До самого рассвета бегали... Потом растаял в солнечных лучах этот неотвратимый мальчик.
СЛЕДУЮЩИЙ ДЕНЬ
Божественный Алкоголик познакомил меня с идальго – Дон Рауда Да Никасом. Дон Рауда человек явно необычный. Очень гордый и очень скромный. Всего на свете больше любит цвет, звук и форму. Любит и понимает. Руки у него по локоть золотые и отличаются одним качеством – делать совершенно все, что пожелает Дон Рауда. Благодаря этому своему свойству Дон Рауда смастерил орган, сделал десяток скрипок и сотни флейт, починил несколько клавесинов, написал множество икон и построил ледокол. Глаза горят, нос орлиный, руки золотые, стройный, как гепард, и во всем ощущает даже самые наитончайшие нюансы. Живет на мансарде. Грейпфрут предпочитает апельсинам. Красиво рисует листья чертополоха. Оказал мне большую помощь. Я совершенно не могу унижать человеческое достоинство, а без прислуги трудновато. Он же вырезал мне нескольких балбесов, а я в них душу рабскую вдохнул. Балваны на редкость исполнительные. Лучших слуг не пожелаешь. Отправил их домой. Тут к Рауде пришли гости – камерный оркестр в составе двух скрипок, трех флейт, клавесина и лютни. Мимо проплывало красивое облако. Я предложил концерт на нем учинить. Одобрили и вознеслись. Концерт получился отменный. Горожане выкатились на улицу и давай хлопать в ладоши. Облако плыло неторопливо и путь наш был отмечен музыкой.
СЛЕДУЮЩИЙ ДЕНЬ
Навестил аскета Акселя. Сидит угрюмый и голодный. "Масло покупать?" – спрашиваю. – "Не надо", – говорит. – "Так что же ты хлеб пустым есть будешь?" – "Глупый, завтра ведь вторник, его и на хлеб намажу". – "Как же это?" – "Как масло намазывают, так и намажу. Ведь вторник масло". – "Почему?" – "Потому же, что понедельник – пескарь, среда – сушеная вобла, четверг – шустрый краб многоногий в красном панцире, пятница – сова ночная, суббота – перепелка, а воскресенье – сокол". – "Понятно", – говорю.

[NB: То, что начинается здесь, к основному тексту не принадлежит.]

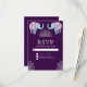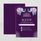 Elegant RSVP card featuring an elegant henna art and beautifully decorated elephants against a dark purple background.

И пошел к Алкоголику, переполненный твердой уверенностью, что старый Аксель когда-нибудь непременно на клизме удавится.
СЛЕДУЮЩИЙ ДЕНЬ
Неправда ли, неприятное ощущение – когда изящные, женские руки вдруг на глазах обрастают шерстью, а милые пальчики начинают изгибаться когтями. Лицо же приобретает хищный оттенок и смотрит на вас алчущая волчья пасть.
Именно это и произошло со мной в лесу сегодня, только я не будь дурак, вовремя дубиной тяжелой обернулся, подпрыгнул и стукнул ей как следует, не для того чтобы дух вон, а так, научить уму-разуму. Снова стала женщиной. Села на пенек и заплакала. Я же самим собой сделался, подошел к ней и устало: "Не выставляй никогда, – говорю ей, – нутро свое звериное. Человеком лучше оставайся. И будет тебе хорошо, и люди тебя полюбят, и ты людей полюбишь. А не интересуют тебя люди – собирай цветочки, да песенки пой. Волком быть жестоко и безнравственно".
Вытерла слезы она и заулыбалась по-хорошему. И понял я, не прошли слова мои мимо ушей. Доброе дело я сделал сегодня и это не плохо.
СЛЕДУЮЩИЙ ДЕНЬ
Сегодня мне захотелось навестить шкатулку с драгоценностями. Подойдя к ней поближе в изумруд превратился, шкатулка же – дворцом перед взором моим предстала. Стучу в ворота, два черта их открывают. Один из них выглянул сквозь щель, глазами красными на меня уставился и завопил: "Зачем в двери ломится?! Кто такой?!" – "Изумруд", – отвечаю, слегка смутившись. Тут дьявол этот меня за шиворот хватает и во дворец, вовнутрь бросает, бормоча себе под нос всякие ругательства, смысл которых в том, что негоже мол нам, камням драгоценным, по улицам разгуливать, и что дескать, только они, черти, слегка зазеваются, как мы, драгоценные камни, уже удрать норовим.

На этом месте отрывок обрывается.